Eine Leistungskürzung oder ähnliche gravierende Einschnitte hätten dem Mann nicht gedroht. Er habe in einem Projekt fit für den Arbeitsmarkt gemacht werden sollen. Ein Mitarbeiter eines Instituts habe dazu einen Lebenslauf mit dem 52-Jährigen erstellt, der früher Landwirt gewesen sein soll. Der Mann ist geschieden und nicht vorbestraft.

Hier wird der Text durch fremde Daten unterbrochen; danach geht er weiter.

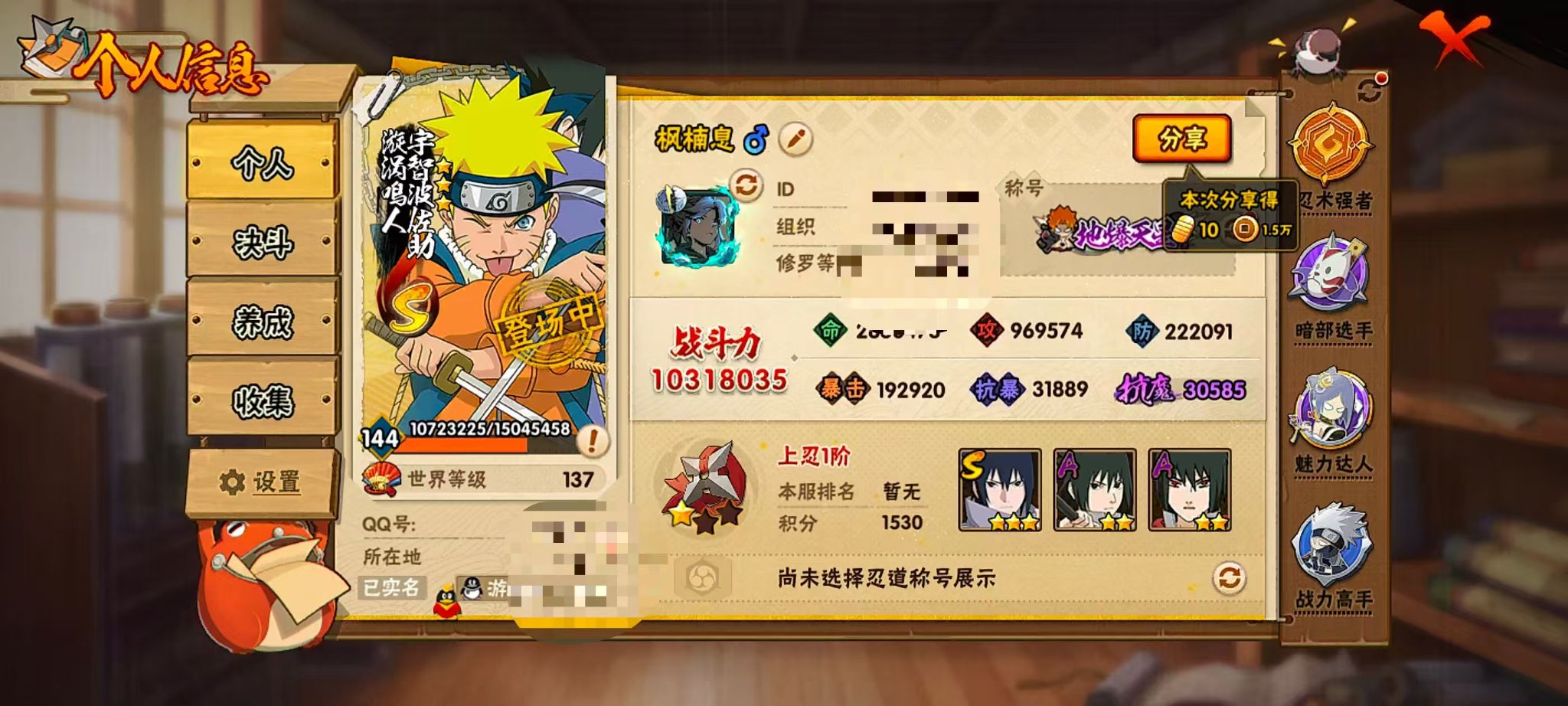 1031w战力创斑创柱19s+鲛肌融合328祈愿1个+198直购14个+国宝2个98通灵+博人168传承奥义赶紧消失!
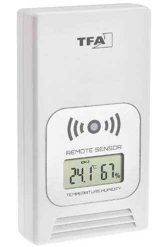 اطلاعات رطوبت و دمای بیرون از طریق یک فرستنده رادیویی جداگانه که در فضای بیرون نصب می شود، تعیین می شود. برد این فرستنده در حدود 60 متر است و به دستگاه داخل خانه به صورت بی سیم متصل می شود. (علاوه بر این دو فرستنده اضافی بیرونی دیگر هم قابل نصب و اتصال به دستگاه داخلی می باشند.)
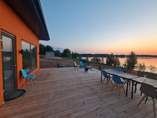 Всегда есть возможность забронировать уютные домики на берегу «SLEEP-HOUSE», а также шале с саунами, из которых открывается великолепный панорамный вид на водохранилище, а выход из сауны ведет прямо к водоему.
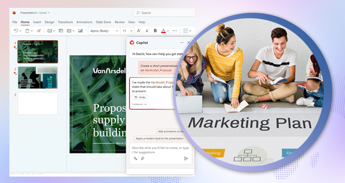 - Crea presentaciones impactantes: Deja a Copilot ayudarte a crear una presentación atractiva mediante la generación de diapositivas o imágenes.
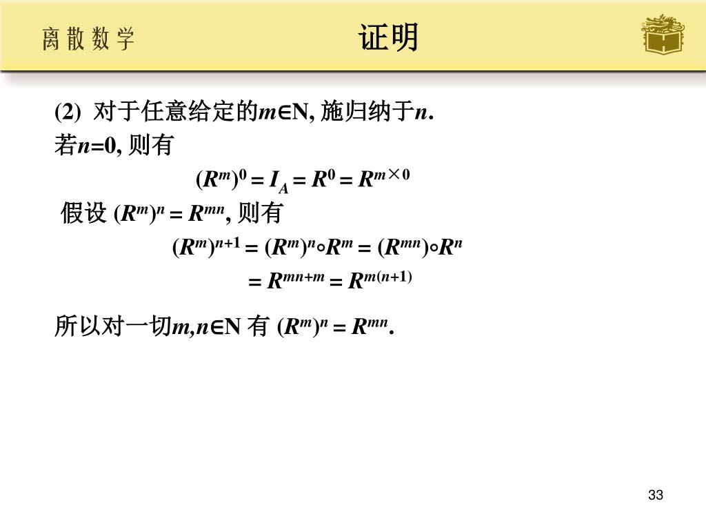 证明 • (2) 对于任意给定的m∈N, 施归纳于n. • 若n=0, 则有 • (Rm)0 = IA = R0= Rm×0 • 假设 (Rm)n = Rmn, 则有 • (Rm)n+1= (Rm)nRm = (Rmn)Rn • = Rmn+m = Rm(n+1) • 所以对一切m,n∈N 有 (Rm)n = Rmn.
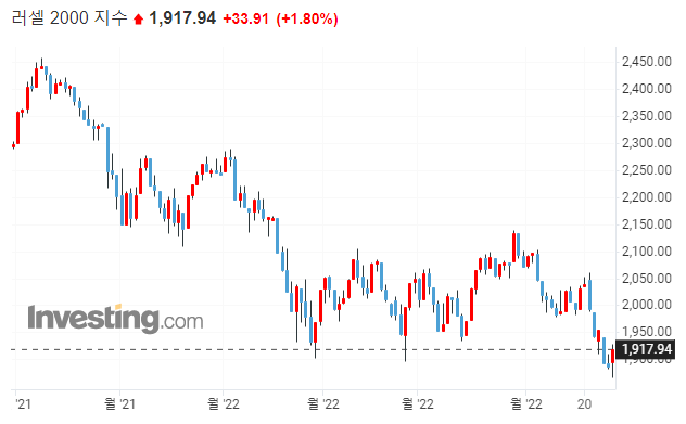 ▷현재 다우와 S&P는 직전 고점에 지지를 받는 모습이나, 나스닥과 러셀은 직전 저점에 걸쳐있는 모습을 보이고 있습니다. 러셀이나 나스닥의 모습을 볼때, 코로나19시기 실적없이 주가가 크게 올랐던 중소형 성장주와 실적이 꺾이는 기업들의 하락이 시장에 반영되고 있다고 볼 수 있습니다.
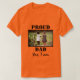T-shirt moderna do PAI PROUD com FOTO PERSONALIZÁVEL. O texto diz PAI PROUD YES I AM, que é personalizável, para que você possa mudar conforme necessário, e carregar uma foto em formato igual de seu ente querido.
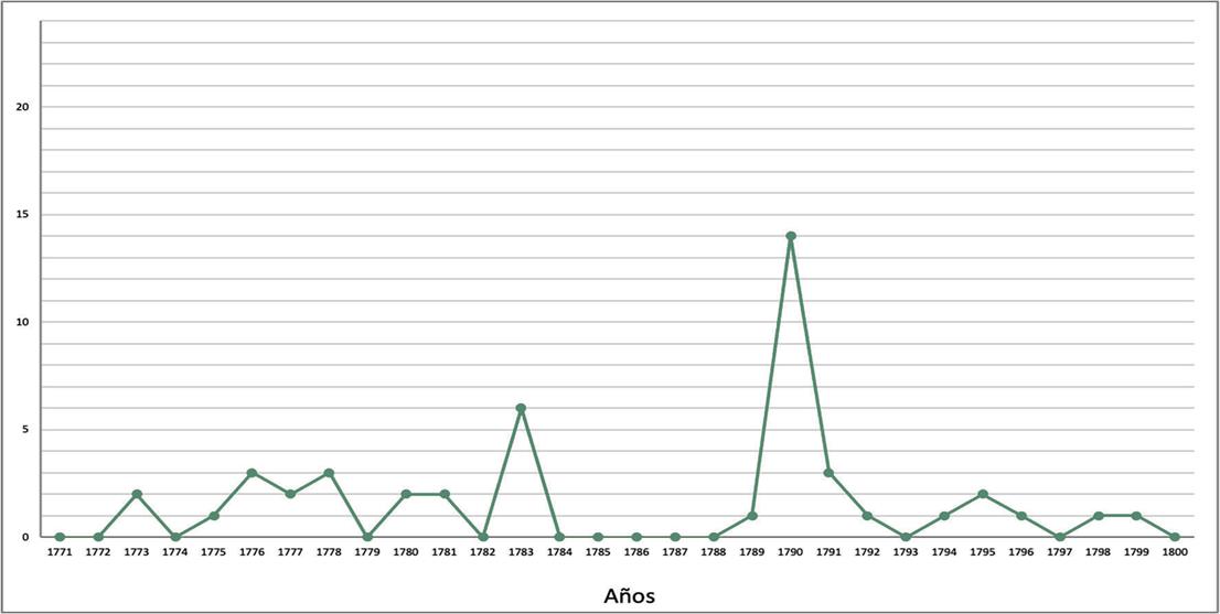 Mientras que en el norte la situación mejoraba, en el centro-sur la renuencia de los aborígenes no desfallecía. Una ola de más de cinco ataques aconteció entre 1784 y 1785; las hostilidades se prolongaron hasta 1786. Este periodo fue uno de los más notorios de la resistencia, ya que los alzamientos y ataques cubrieron un amplio territorio. A los padecimientos experimentados por los radicados en Horcasitas se sumaron los de Croix, Santillana, Escandón, Llera, Santa Bárbara, Tula, Palmillas y los Infantes.64 En agosto de 1784 los inapanames y bocaprietas abandonaron Santillana y atacaron un rancho; feneció un vaquero. Al siguiente año, los indígenas del capitán Guadalajara desertaron del poblado de Croix, ejecutaron algunos robos y quitaron la vida a vaqueros y pobladores de la zona.65 El cabildo y justicias de las villas aseveraron que las hostilidades de los aborígenes llegaron a otras jurisdicciones, como Matehuala, ubicada al suroeste.66 De nueva cuenta, la enigmática sierra de Tamaulipa la Vieja fue el punto neurálgico de la tenacidad nativa. Desde ese bastión los insumisos caían sobre las citadas poblaciones. La gráfica 1 devela el incremento notorio y explosivo del fenómeno. Tras pocos años de relativa calma, los focos de alarma de nueva cuenta se encendieron en 1789 cuando los janambres, de los grupos indígenas más renuentes de antaño, desertaron de la misión de Llera, como ya fue referido. Se procedió a sofocar el alzamiento apoyándose en fuertes campañas militares ejecutadas por el capitán Juan María Murgier. Este hecho marcaría el fin del periodo más efervescente y el declive de las acciones de rechazo indígena del fenómeno en la parte central de la provincia, situación que se volvería más evidente en la década siguiente.

Nach der Bluttat ist eine Sicherheitsdiskussion entbrannt. Die Sicherheitsmaßnahmen in den Jobcentern kämen auf den Prüfstand, sagte ein Sprecher der Regionaldirektion der Bundesagentur für Arbeit am Donnerstag in Düsseldorf. „Man muss alles überdenken.“

Das Büro der 32-jährigen Mitarbeiterin hatte nach Angaben der Jobcenter-Leiterin keine Zwischentür, die eine Flucht oder schnelle Hilfe aus dem Nachbarbüro ermöglicht hätte. Auch gab es in dem Gebäude keinen privaten Sicherheitsdienst. Das Opfer hatte noch am Tag vor ihrem Tod an einem Deeskalationstraining teilgenommen. Den Notfallknopf an ihrer Tastatur hatte sie nicht ausgelöst. Möglicherweise kam der Messerangriff dafür zu rasch.

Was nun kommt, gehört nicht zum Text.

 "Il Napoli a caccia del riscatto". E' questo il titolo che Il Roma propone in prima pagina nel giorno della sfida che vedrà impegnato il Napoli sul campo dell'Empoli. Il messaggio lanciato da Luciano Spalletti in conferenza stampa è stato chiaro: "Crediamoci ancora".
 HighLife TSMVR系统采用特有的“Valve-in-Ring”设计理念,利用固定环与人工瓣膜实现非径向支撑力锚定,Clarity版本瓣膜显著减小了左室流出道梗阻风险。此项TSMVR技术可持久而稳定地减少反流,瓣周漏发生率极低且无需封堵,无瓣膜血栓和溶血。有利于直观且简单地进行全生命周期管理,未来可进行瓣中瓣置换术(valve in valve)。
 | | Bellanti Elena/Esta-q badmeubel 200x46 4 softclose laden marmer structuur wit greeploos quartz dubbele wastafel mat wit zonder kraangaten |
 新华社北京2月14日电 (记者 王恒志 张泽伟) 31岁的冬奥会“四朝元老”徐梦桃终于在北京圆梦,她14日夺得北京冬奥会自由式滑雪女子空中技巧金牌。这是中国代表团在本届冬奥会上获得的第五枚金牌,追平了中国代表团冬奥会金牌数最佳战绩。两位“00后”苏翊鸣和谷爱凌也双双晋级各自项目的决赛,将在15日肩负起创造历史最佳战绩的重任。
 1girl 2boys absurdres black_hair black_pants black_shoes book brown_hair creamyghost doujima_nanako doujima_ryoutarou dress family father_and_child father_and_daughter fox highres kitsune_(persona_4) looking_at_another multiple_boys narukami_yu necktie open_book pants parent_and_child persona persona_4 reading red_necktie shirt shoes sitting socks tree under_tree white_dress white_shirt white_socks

„Man kann keine Beratung hinter Panzerglas führen“, hieß es bei der Regionaldirektion NRW. Aber über Maßnahmen wie etwa Metallschleusen an den Eingängen wie an den Gerichten in NRW werde man nun diskutieren müssen. „Denkblockaden gibt es da nicht mehr.“

Die Zentrale der Bundesagentur für Arbeit plant nach der tödlichen Attacke im Neusser Jobcenter vorerst keine unmittelbaren Konsequenzen. Die Gewerkschaft Verdi forderte dagegen eine Überprüfung der Sicherheitsmaßnahmen in allen Jobcentern. Kommunen und Bundesagentur für Arbeit müssten „unverzüglich die Sicherheitskonzepte der Jobcenter auf den Prüfstand stellen, damit sich solch ein schrecklicher Vorfall wie in Neuss nicht wiederholen kann„, forderte Isolde Kunkel-Weber vom Verdi-Bundesvorstand in Berlin.